Connection limit: limit the number of servers that maintain a half-connected state at the same time. When the number of connections reaches the upper limit, new connection requests will be discarded. This can prevent the server from maintaining a large number of semi-connected states in a short period of time, thereby mitigating the impact of SYN Flood attacks. The connection limit can be set at the operating system level or in the firewall configuration.
Use SYN Cookies technology: This technology can use a special encryption algorithm to generate a cookie value during the TCP handshake process and send it to the client. When the client returns an ACK packet with a cookie value, the target host can verify whether the connection is legal based on the cookie value.
Filtering and speed limiting: Use firewall or intrusion prevention system (IDS/IPS) to filter and limit traffic to prevent a large number of forged SYN requests from entering the server.
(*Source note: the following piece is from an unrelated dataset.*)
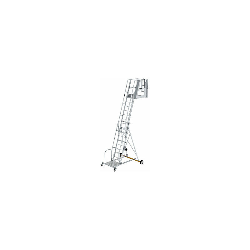 Scala per autocisterna, tipo 2, senza gabbia di protezione. Fornitura = montato. Materiale telaio = alluminio. Larghezza piattaforma = 850 mm. Profondità piattaforma = 1080 mm. Salita = su un lato. Versione da salita = pioli. Altezza piattaforma = 4300 mm. Altezza totale = 5400 mm. Profondità totale = 3160 mm. Larghezza totale = 2040 mm. Tipo di prodotto = scale per autocisterna. Diametro ruote = 150 / 280 mm. Peso = 390 kg. Con 2 rotelle pivottanti Ø 150 mm (salita), 2 ruote Ø 280 mm (supporto). Stabili montanti a sezione quadrata. Piattaforma in griglia R13. Pioli in tubi quadri con superficie rigata su ambo i lati 30 x 30 mm. Accoppiamento gradino/montante flangiato 4 volte. Guide ed elementi di giunzione in acciaio inox. Questa scala a 2 elementi in alluminio per autocisterne ha una piattaforma e una gabbia di protezione (elemento obbligatorio da ordinare separatamente). Facile regolazione dell'altezza da piolo a piolo grazie a un verricello a fune e a un meccanismo di bloccaggio.
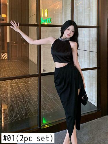 フレンチホットガールスーツ夏ノースリーブホルターネックオフショルダービーズトップヒップラップロングスカート2点セット サマー 夏物

Filtering and rate limiting can help reduce the power of SYN Flood attacks and control the attack traffic within an acceptable range.
Load balancing: Use load balancing equipment to distribute traffic to multiple servers, thereby evenly distributing attack traffic to different servers and reducing the pressure on a single server.
Cloud protection: Deploy the server on the cloud service provider's platform, allowing the cloud service provider to handle large-scale SYN Flood attacks. Cloud service providers usually have strong infrastructure and protection mechanisms that can effectively deal with DDoS attacks.
Limit concurrent connections: The application layer can limit the number of concurrent connections from a single IP address. This prevents a single IP address from sending a large number of connection requests in a short period of time, slowing down the impact of an attack.

Two or four waves

2.1 The process of waving four times

The specific process of waving four times is as follows:

The client application program sends a message segment to release the connection, stops sending data, and actively closes the TCP connection. The client host sends a message segment to release the connection. The first FIN position in the message segment is 1 , does not contain data , and the sequence number bit seq = u . At this time, the client host enters the FIN-WAIT-1 (termination wait 1) stage.
After the server host receives the message segment sent by the client, it sends a confirmation response message. In the confirmation response message, ACK = 1, generates its own serial number bit seq = v, ack = u + 1, and then the server host enters CLOSE -WAIT (shutdown wait) state .
After the client host receives the confirmation response from the server host, it enters the state of FIN-WAIT-2 (stop waiting 2) . Wait for the client to send a connection release segment.
At this time , the server host will send a message segment for disconnection. In the message segment, ACK = 1, sequence number seq = v, ack = u + 1. After sending the disconnection request message, the server host will Entered the stage of LAST-ACK (final confirmation).
After the client receives the disconnection request from the server, the client needs to respond. The client sends a disconnected message segment. In the message segment, ACK = 1, and the sequence number seq = u + 1, because the client No more data has been sent since the connection was disconnected, ack = v + 1, and then enters the TIME-WAIT (time waiting) state . Please note that the TCP connection has not been released at this time. The client will enter the CLOSED state only after the waiting time is set, that is, 2MSL. The time MSL is called the Maximum Segment Lifetime (Maximum Segment Lifetime).
After the server mainly receives the disconnection confirmation from the client, it will enter the CLOSED state. Because the server ends the TCP connection earlier than the client , and the entire connection disconnection process needs to send four segments, so the process of releasing the connection is also called four waved.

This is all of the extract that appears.